PROMPT – Starting with the line that contains "- De set bestaat" and stopping after the line that contains "Îşi ia reţetele", return each line below exactly as written, with no others.

** DATA BLOCK follows **

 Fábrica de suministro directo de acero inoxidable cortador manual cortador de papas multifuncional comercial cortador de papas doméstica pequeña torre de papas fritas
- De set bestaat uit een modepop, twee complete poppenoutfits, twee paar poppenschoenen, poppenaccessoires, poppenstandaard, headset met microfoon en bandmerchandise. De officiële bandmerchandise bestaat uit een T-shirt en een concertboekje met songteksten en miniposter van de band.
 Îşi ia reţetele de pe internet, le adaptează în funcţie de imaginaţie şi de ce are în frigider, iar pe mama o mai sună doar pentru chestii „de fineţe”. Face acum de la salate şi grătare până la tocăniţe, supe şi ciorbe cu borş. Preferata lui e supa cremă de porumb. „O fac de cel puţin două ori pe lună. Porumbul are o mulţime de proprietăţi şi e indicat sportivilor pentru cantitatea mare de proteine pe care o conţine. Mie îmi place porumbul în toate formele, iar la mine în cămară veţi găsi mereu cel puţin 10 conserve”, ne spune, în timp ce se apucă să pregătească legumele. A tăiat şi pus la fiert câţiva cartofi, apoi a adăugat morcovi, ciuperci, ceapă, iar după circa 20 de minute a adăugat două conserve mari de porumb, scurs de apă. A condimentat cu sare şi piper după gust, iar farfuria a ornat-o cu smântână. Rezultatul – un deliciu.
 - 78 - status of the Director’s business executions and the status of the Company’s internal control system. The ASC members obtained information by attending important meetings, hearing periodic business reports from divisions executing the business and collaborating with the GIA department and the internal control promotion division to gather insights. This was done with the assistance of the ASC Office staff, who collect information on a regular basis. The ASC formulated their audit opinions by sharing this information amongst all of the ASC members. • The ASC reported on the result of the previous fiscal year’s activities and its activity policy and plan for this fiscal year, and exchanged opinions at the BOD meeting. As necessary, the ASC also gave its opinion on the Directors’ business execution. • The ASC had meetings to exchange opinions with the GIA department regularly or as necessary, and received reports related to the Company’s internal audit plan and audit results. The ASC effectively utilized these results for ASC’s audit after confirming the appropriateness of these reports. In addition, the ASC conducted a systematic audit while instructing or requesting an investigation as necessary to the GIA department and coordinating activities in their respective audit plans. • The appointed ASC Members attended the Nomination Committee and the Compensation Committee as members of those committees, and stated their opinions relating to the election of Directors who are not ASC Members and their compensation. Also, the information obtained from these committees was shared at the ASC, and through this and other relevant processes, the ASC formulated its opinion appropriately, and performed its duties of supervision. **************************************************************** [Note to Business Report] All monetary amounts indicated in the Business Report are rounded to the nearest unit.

** End of DATA BLOCK **

PROBLEM SOLUTION –
- De set bestaat uit een modepop, twee complete poppenoutfits, twee paar poppenschoenen, poppenaccessoires, poppenstandaard, headset met microfoon en bandmerchandise. De officiële bandmerchandise bestaat uit een T-shirt en een concertboekje met songteksten en miniposter van de band.
 Îşi ia reţetele de pe internet, le adaptează în funcţie de imaginaţie şi de ce are în frigider, iar pe mama o mai sună doar pentru chestii „de fineţe”. Face acum de la salate şi grătare până la tocăniţe, supe şi ciorbe cu borş. Preferata lui e supa cremă de porumb. „O fac de cel puţin două ori pe lună. Porumbul are o mulţime de proprietăţi şi e indicat sportivilor pentru cantitatea mare de proteine pe care o conţine. Mie îmi place porumbul în toate formele, iar la mine în cămară veţi găsi mereu cel puţin 10 conserve”, ne spune, în timp ce se apucă să pregătească legumele. A tăiat şi pus la fiert câţiva cartofi, apoi a adăugat morcovi, ciuperci, ceapă, iar după circa 20 de minute a adăugat două conserve mari de porumb, scurs de apă. A condimentat cu sare şi piper după gust, iar farfuria a ornat-o cu smântână. Rezultatul – un deliciu.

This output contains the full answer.